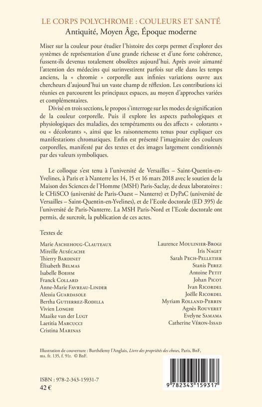 Après avoir aimanté l'attention des médecins qui surinvestirent parfois sur elle dans les temps anciens, la "chromie" corporelle aux infinies variations ouvre aux chercheurs d'aujourd'hui un vaste champ de réflexion. Les contributions ici réunies en parcourent les principaux espaces, au moyen d'approches variées et complémentaires. Divisé en trois sections, le propos s'interroge sur les modes de signification de la couleur corporelle. Puis il explore les aspects pathologiques et physiologiques des maladies, des tempéraments ou des affects "colorants" ou "décolorants", ainsi que les raisonnements tenus pour expliquer ces manifestations chromatiques. Enfin est présenté en fin d'ouvrage l'imaginaire des couleurs corporelles.
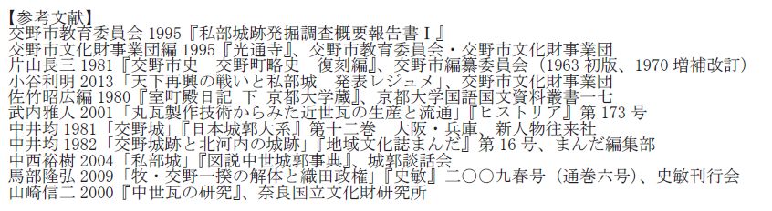 中井均 2011「私部城の歴史と構造」『シンポジウム「私部城」資料集』、交野市文化財事業団
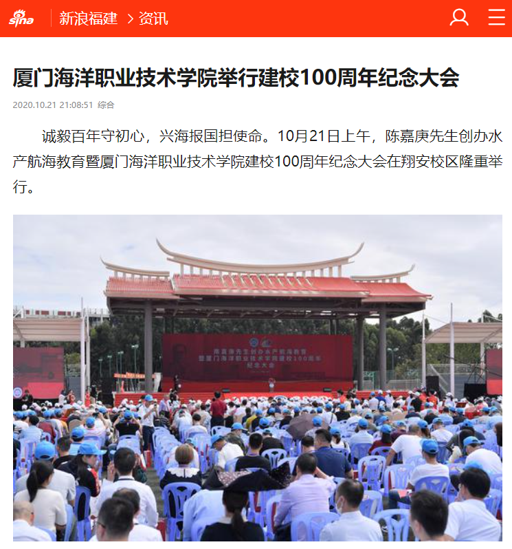 大会上,福建省教育厅、集美学校委员会、中国海洋大学、台湾海洋大学、厦门大学等单位及海内外友好人士等通过贺信等方式向陈嘉庚先生创办水产航海教育暨厦门海洋职业技术学院建校100周年送上祝贺。大会还设置线上直播,诚挚邀请未能亲临现场的各界宾朋、师生校友相聚云端,共庆百年华诞。

###

> [Exercise requirements]: This exercise calls for the complete listing, returned exactly and without images.

> [The completed task]:
 Après avoir aimanté l'attention des médecins qui surinvestirent parfois sur elle dans les temps anciens, la "chromie" corporelle aux infinies variations ouvre aux chercheurs d'aujourd'hui un vaste champ de réflexion. Les contributions ici réunies en parcourent les principaux espaces, au moyen d'approches variées et complémentaires. Divisé en trois sections, le propos s'interroge sur les modes de signification de la couleur corporelle. Puis il explore les aspects pathologiques et physiologiques des maladies, des tempéraments ou des affects "colorants" ou "décolorants", ainsi que les raisonnements tenus pour expliquer ces manifestations chromatiques. Enfin est présenté en fin d'ouvrage l'imaginaire des couleurs corporelles.
 中井均 2011「私部城の歴史と構造」『シンポジウム「私部城」資料集』、交野市文化財事業団
 大会上,福建省教育厅、集美学校委员会、中国海洋大学、台湾海洋大学、厦门大学等单位及海内外友好人士等通过贺信等方式向陈嘉庚先生创办水产航海教育暨厦门海洋职业技术学院建校100周年送上祝贺。大会还设置线上直播,诚挚邀请未能亲临现场的各界宾朋、师生校友相聚云端,共庆百年华诞。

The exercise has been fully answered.